§ Supplied material:
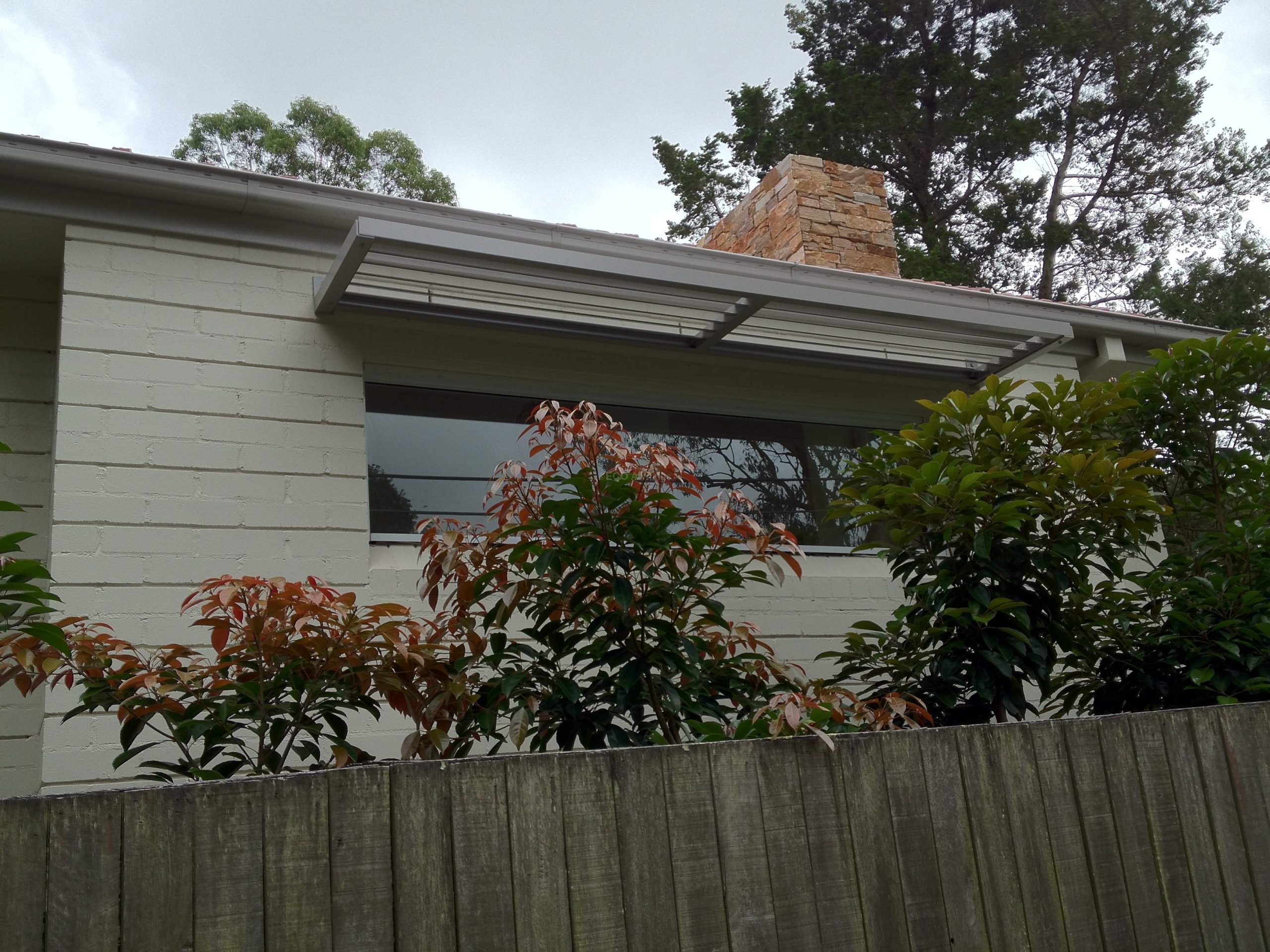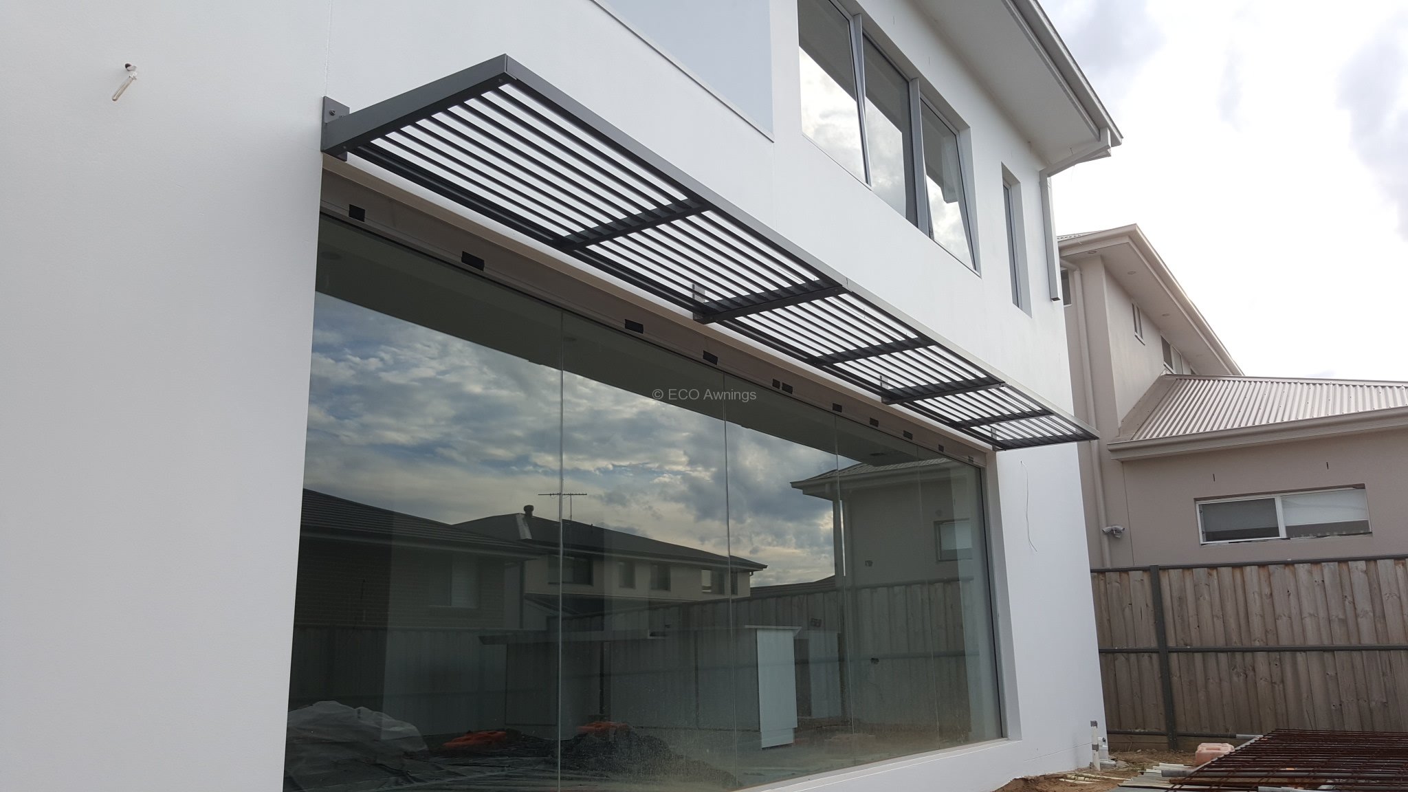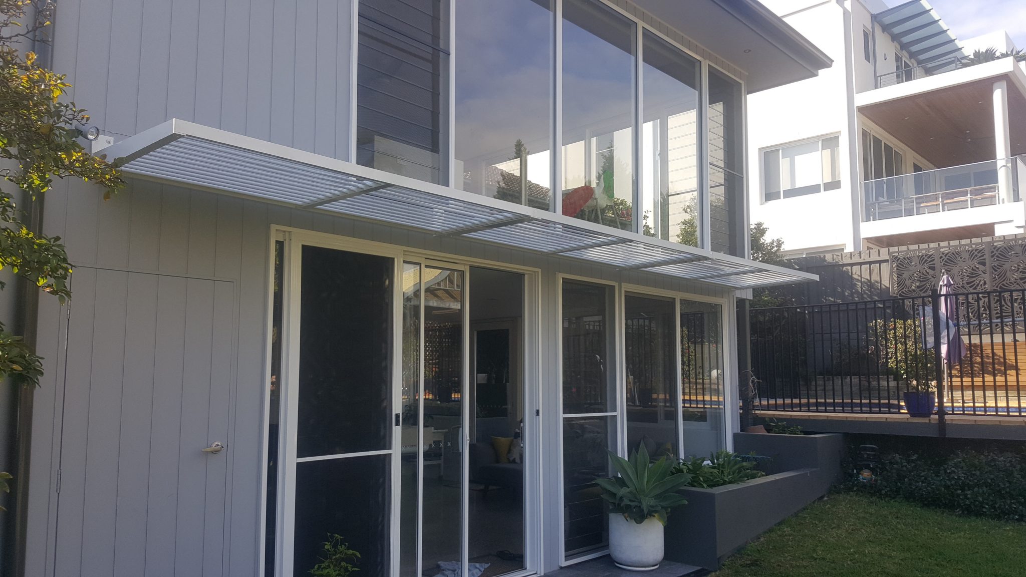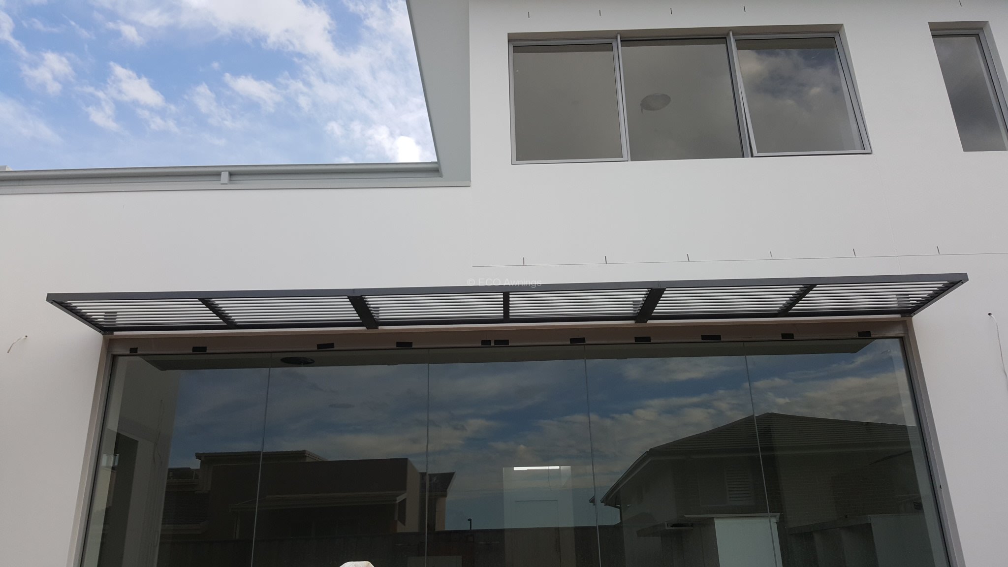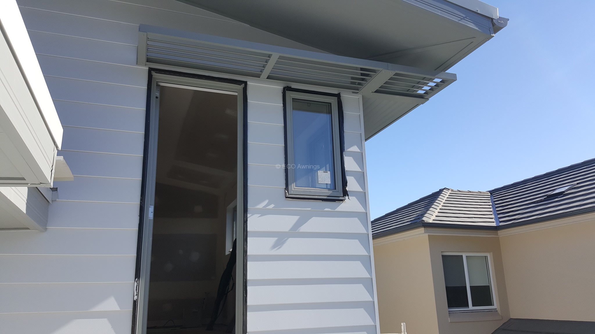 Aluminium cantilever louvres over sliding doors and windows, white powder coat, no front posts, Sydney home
==
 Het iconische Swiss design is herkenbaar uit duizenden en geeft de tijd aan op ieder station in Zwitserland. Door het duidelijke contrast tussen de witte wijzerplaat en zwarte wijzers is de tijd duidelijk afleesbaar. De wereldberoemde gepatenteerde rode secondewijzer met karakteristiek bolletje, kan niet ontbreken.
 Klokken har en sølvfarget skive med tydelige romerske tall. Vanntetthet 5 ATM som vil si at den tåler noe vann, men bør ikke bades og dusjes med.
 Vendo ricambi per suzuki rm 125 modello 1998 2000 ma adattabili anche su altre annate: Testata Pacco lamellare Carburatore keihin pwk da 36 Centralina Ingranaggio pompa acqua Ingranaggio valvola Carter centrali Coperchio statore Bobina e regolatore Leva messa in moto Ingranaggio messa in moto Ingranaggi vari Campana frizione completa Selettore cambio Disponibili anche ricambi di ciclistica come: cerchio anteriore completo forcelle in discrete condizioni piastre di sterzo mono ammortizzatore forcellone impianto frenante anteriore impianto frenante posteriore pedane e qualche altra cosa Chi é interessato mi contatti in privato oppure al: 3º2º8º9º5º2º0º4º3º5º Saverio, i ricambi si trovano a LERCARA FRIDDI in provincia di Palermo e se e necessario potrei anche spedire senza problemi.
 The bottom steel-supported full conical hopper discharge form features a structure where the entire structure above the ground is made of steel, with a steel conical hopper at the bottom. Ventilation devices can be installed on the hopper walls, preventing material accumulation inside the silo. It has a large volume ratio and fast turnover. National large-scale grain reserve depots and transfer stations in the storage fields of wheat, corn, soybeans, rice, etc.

§ Exercise directions:
Output the lines above exactly, but only those between the line holding "Klokken har en" and the line holding "Vendo ricambi per", inclusive.

§ Answer section:
 Klokken har en sølvfarget skive med tydelige romerske tall. Vanntetthet 5 ATM som vil si at den tåler noe vann, men bør ikke bades og dusjes med.
 Vendo ricambi per suzuki rm 125 modello 1998 2000 ma adattabili anche su altre annate: Testata Pacco lamellare Carburatore keihin pwk da 36 Centralina Ingranaggio pompa acqua Ingranaggio valvola Carter centrali Coperchio statore Bobina e regolatore Leva messa in moto Ingranaggio messa in moto Ingranaggi vari Campana frizione completa Selettore cambio Disponibili anche ricambi di ciclistica come: cerchio anteriore completo forcelle in discrete condizioni piastre di sterzo mono ammortizzatore forcellone impianto frenante anteriore impianto frenante posteriore pedane e qualche altra cosa Chi é interessato mi contatti in privato oppure al: 3º2º8º9º5º2º0º4º3º5º Saverio, i ricambi si trovano a LERCARA FRIDDI in provincia di Palermo e se e necessario potrei anche spedire senza problemi.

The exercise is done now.